George Foreman vs. Ken Norton was a professional boxing match contested on March 26, 1974, for the undisputed heavyweight championship.

==Background==
Undefeated heavyweight champion George Foreman had little trouble in his two fights the previous year. First he captured the WBA and WBC heavyweight titles after dominating Joe Frazier, scoring six knockdowns in less than two rounds in an easy technical knockout victory in January 1973. Foreman would follow this by making his first defense against José Roman in Tokyo in September of that year, easily winning the bout by first-round knockout. For his second defense, Foreman was matched up against Ken Norton for a March 1974 bout held in Caracas, the capital and largest city in Venezuela. Ken Norton was coming off two successive fights against Muhammad Ali in 1973, winning the first fight in March by split decision (famously breaking Ali's jaw in the process), and then narrowly losing the second by another split decision in September. Norton's impressive performances against Ali made him one of the top heavyweight contenders for Foreman's titles, but the future hall-of-famer was installed as a 3–1 underdog against the hard-hitting champion and given little chance of obtaining a victory. A week before the fight had happened, promoter Don King, banking on a victory by Foreman, had already signed a deal that would see Foreman make his next defense against Ali in the "Rumble in the Jungle."

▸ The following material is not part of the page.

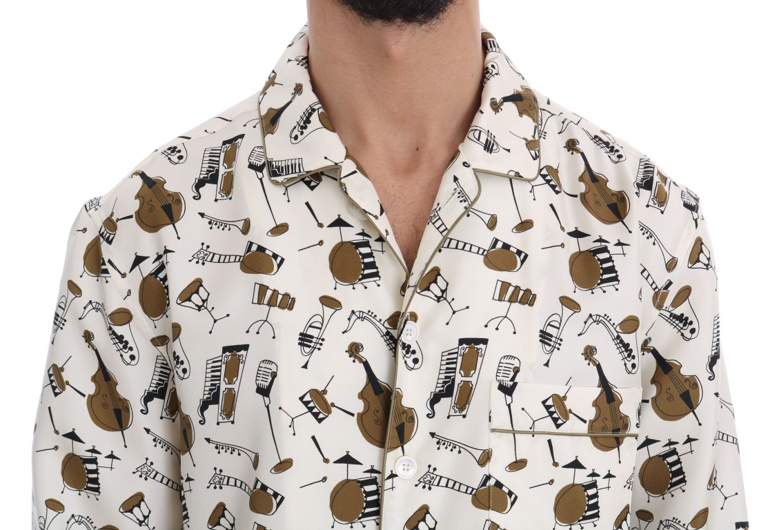 White Silk JAZZ Motive Print Shirt
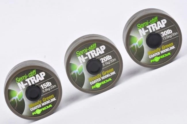 N-Trap Soft Although the original Hybrid hook links had many followers, the Korda product development team thought that it could be bettered. The resulting product, N-Trap Soft, is the culmination of two and a half years of development and testing. So, why is N-Trap the best coated material on the market? Well, it features a tough, matt coating that is easy to strip yet won?t split when tightened down and the rugged Dyneema braid inner is a much better colour match for the coating than other hook links. Following the proven Safezone camou principle, we?ve released the N-Trap in three colours, Weedy Green, Silt and Gravel Brown. Of course, the colours have been chosen with our longstanding underwater experience to closely match the conditions that you?ll find on your waters. N-Trap is hugely versatile, lending itself perfectly to a whole host of presentations. Try it with the KD or Muzza rig, the Multi Rig, or Danny Fairbrass? favourite blow-back rig with a Mixa hook. N-Trap has already found its way into many tackle boxes both here and in Europe, so join the coated-braid revolution and get on it! N-Trap Soft is available in 15lb, 20lb and 30lb versions. Keep your eyes on this site for other N-Trap variants that are well and truly in the pipeline. N-Trap Semi Stiff The second addition to the N-Trap range is slightly stiffer than the N-Trap Soft that has been so popular since its release. The stiffer coating that Semi Stiff boasts is still easily strippable, making it easier than ever to produce top-notch bottom-bait and pop-up presentations. N-Trap Semi Stiff performed extremely well when used on the underwater filming at St Johns. It is available in Weed Green, Silt and Gravel and in 15lb, 20lb and 30lb versions, to cover all UK and Worldwide situations.

A 3 to 1 underdog, Norton was back in a familiar position, promised less money than Foreman ($200,000 to the $500,000 George was guaranteed), and deemed a solid underdog to the hard-slugging Texan. If Caracas seems like a strange destination to hold a heavyweight boxing event, there was a practical reason it was sought out as the host: an agreement had been reached stipulating all taxes would be waived.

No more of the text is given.